Thanks Darren,you pointed me in the right direction,I have been using high power thinking that would make things easier to see.But with looking for fuzzes i need more light not magnification. I have a few books and magazines. But talking with someone that has that experiences is a big help.
Darren Hennig <dhennig2@...
nice to hear from you here! I will take a bit of a different tack to
my compadres here:
My suggestions are three-fold:
1) get a good wide field eyepiece, one that gives at least 2-3
degrees of field. The SV102ED f/7 should do very well with a 30-35mm
wide field 2" EP, so try to find one with at least 60-65 degree
apparent field. The 35mm Panoptic is a good choice, but may be out of
the budget, so even a 32mm Optiluxe, or 30mm Hyperion would do well.

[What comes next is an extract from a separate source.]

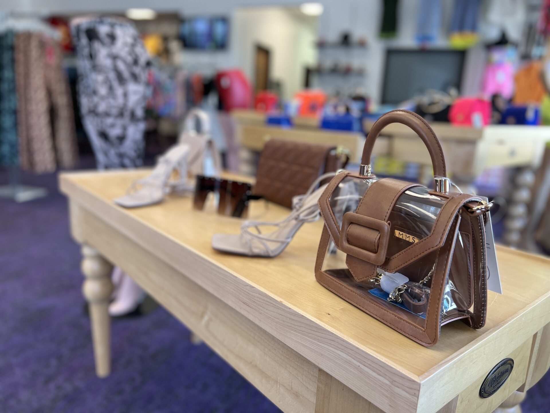 In addition to clothing, the store offers shoes and accessories.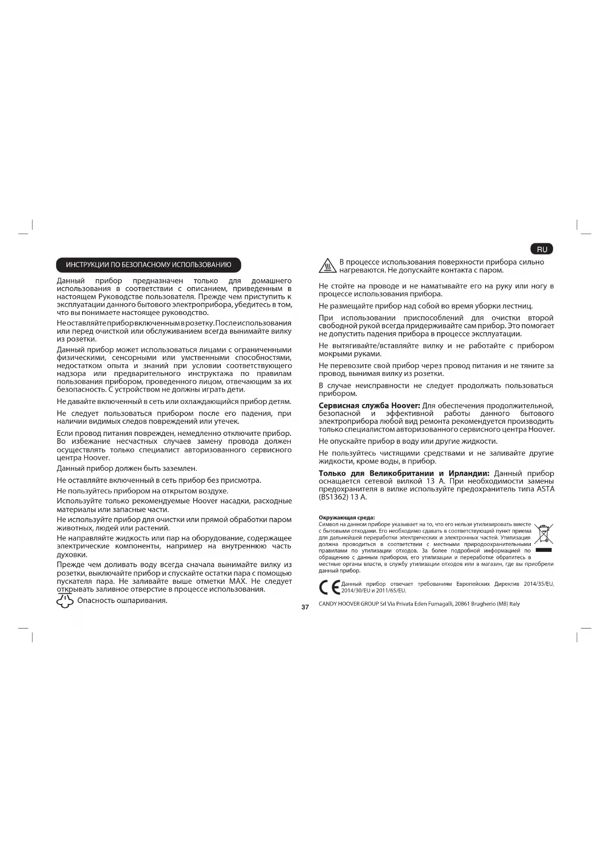 ИНСТРУКЦИИ ПО БЕЗОПАСНОМУ ИСПОЛЬЗОВАНИЮ Данный прибор предназначен только для домашнего использования в соответствии с описанием, приведенным в настоящем Руководстве пользователя. Прежде чем приступить к эксплуатации данного бытового электроприбора, убедитесь в том, что вы понимаете настоящее руководство. Не оставляйте прибор включенным в розетку. После использования или перед очисткой или обслуживанием всегда вынимайте вилку из розетки. Данный прибор может использоваться лицами с ограниченными физическими, сенсорными или умственными способностями, недостатком опыта и знаний при условии соответствующего надзора или предварительного инструктажа по правилам пользования прибором, проведенного лицом, отвечающим за их безопасность. С устройством не должны играть дети. Не давайте включенный в сеть или охлаждающийся прибор детям. Не следует пользоваться прибором после его падения, при наличии видимых следов повреждений или утечек. Если провод питания поврежден, немедленно отключите прибор. Во избежание несчастных случаев замену провода должен осуществлять только специалист авторизованного сервисного центра Hoover. Данный прибор должен быть заземлен. Не оставляйте включенный в сеть прибор без присмотра. Не пользуйтесь прибором на открытом воздухе. Используйте только рекомендуемые Hoover насадки, расходные материалы или запасные части. Не используйте прибор для очистки или прямой обработки паром животных, людей или растений. Не направляйте жидкость или пар на оборудование, содержащее электрические компоненты, например на внутреннюю часть

The idea here is to be able to "orient" a bit more easily with an
almost 3 degree field. You're just a bit above binoculars in this
2) Get a good skychart software, even the freeware Cartes du Ciel,
SkyChart III, Starry night, etc., allow you to learn the sky a bti
easier [even on cloudy nights!], and generate your own custom charts
for your area. You can then use these to supplement your widefield EP
with star hopping from brighter stars. Over time, their patterns will
become more familiar, and you can then find things even easier!

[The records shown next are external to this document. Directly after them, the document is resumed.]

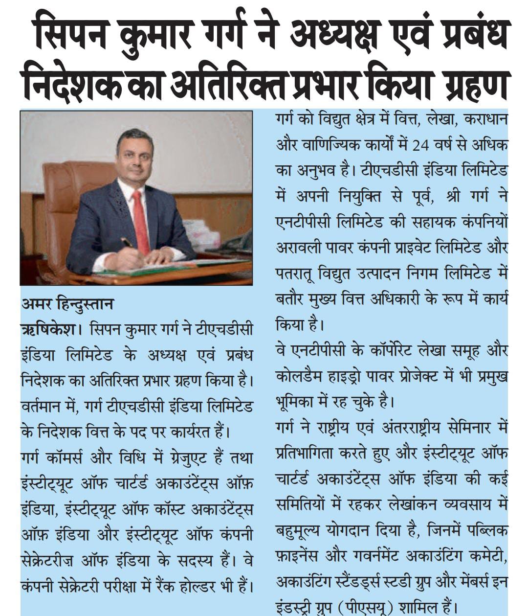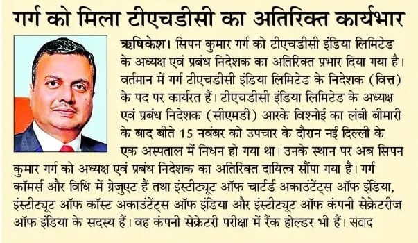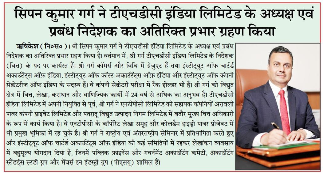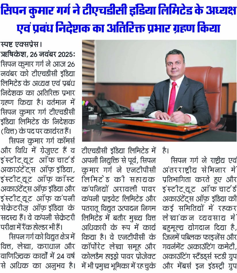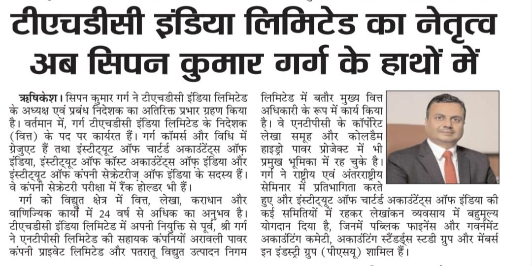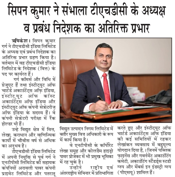 ऋषिकेश, 26 नवंबर, 2025: श्री सिपन कुमार गर्ग ने टीएचडीसी इंडिया लिमिटेड के अध्यक्ष एवं प्रबंध निदेशक का अतिरिक्त प्रभार ग्रहण किया है। वर्तमान में, श्री गर्ग टीएचडीसी इंडिया लिमिटेड के निदेशक (वित्त) के पद पर कार्यरत हैं। श्री गर्ग कॉमर्स और विधि में ग्रेजुएट हैं तथा इंस्टीट्यूट ऑफ़ चार्टर्ड अकाउंटेंट्स ऑफ़ इंडिया, इंस्टीट्यूट ऑफ़ कॉस्ट अकाउंटेंट्स ऑफ़ इंडिया और इंस्टीट्यूट ऑफ़ कंपनी सेक्रेटरीज़ ऑफ़ इंडिया के सदस्य हैं। वे कंपनी सेक्रेटरी परीक्षा में रैंक होल्डर भी हैं।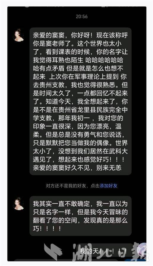 去年秋季,她考入Beat365中文官方网站。今年春季,拿到《军事理论》课的课程表,她眼前一亮:“授课老师窦薇!好像7年前来支教的‘豆豆老师’也叫这个名字!”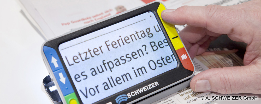 dieser Geräte ist, dass sie den Kontrast verstärken und dass die Vergrößerung den aktuellen Bedürfnissen des sehbehinderten Menschen individuell angepasst werden kann.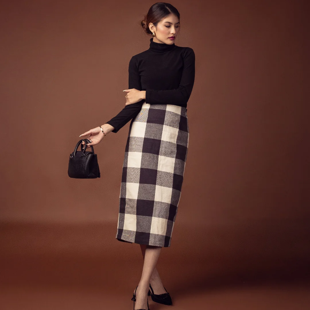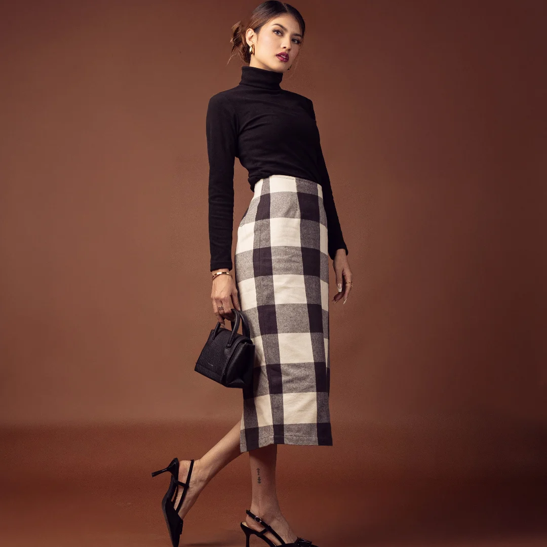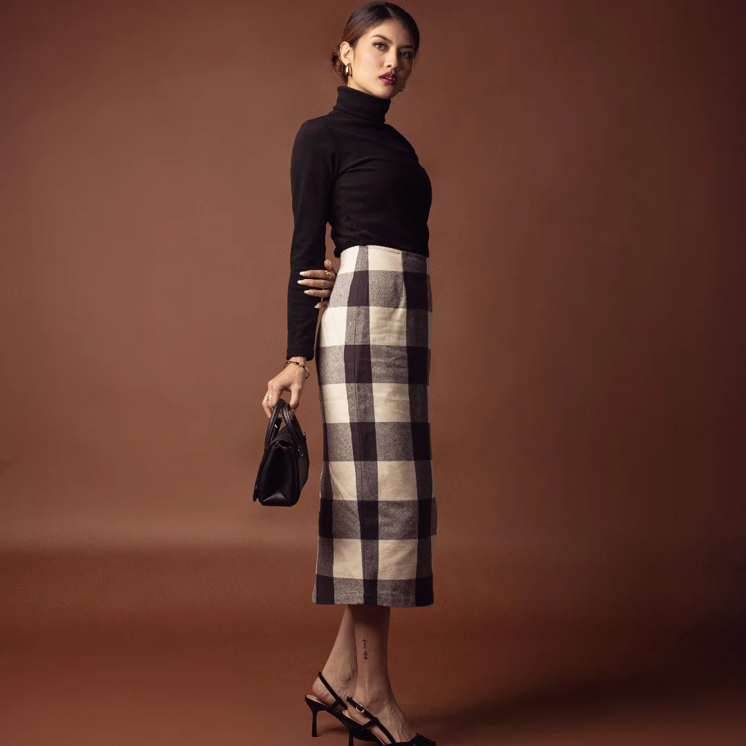 Crafted from a luxe wool blend, the Pencil Midi Skirt is made for style and warmth all season long. Features an elastic back along with a side zipper and button closure for ease of putting on. The slit on the back makes it effortless to walk in.

3) When budget allows, if your C8 already has it, see if you can use
the Goto feature to enhance your observing. Learn from where the unit
is oriented when aiming at, say, Messier objects - look where the
stars are in relation to this, and then even an alt-az mount with
your 102ED makes things a "snap" over time. You may also wish to try
goign to a local outreach or star party, and learn from more
experienced observers there too! Everyone has their own way of doing
things, but the above three can really allow a "fast-track" of sorts
to get you finding fuzzies sooner. Use Books and web-based resources
to enhance what you learn too!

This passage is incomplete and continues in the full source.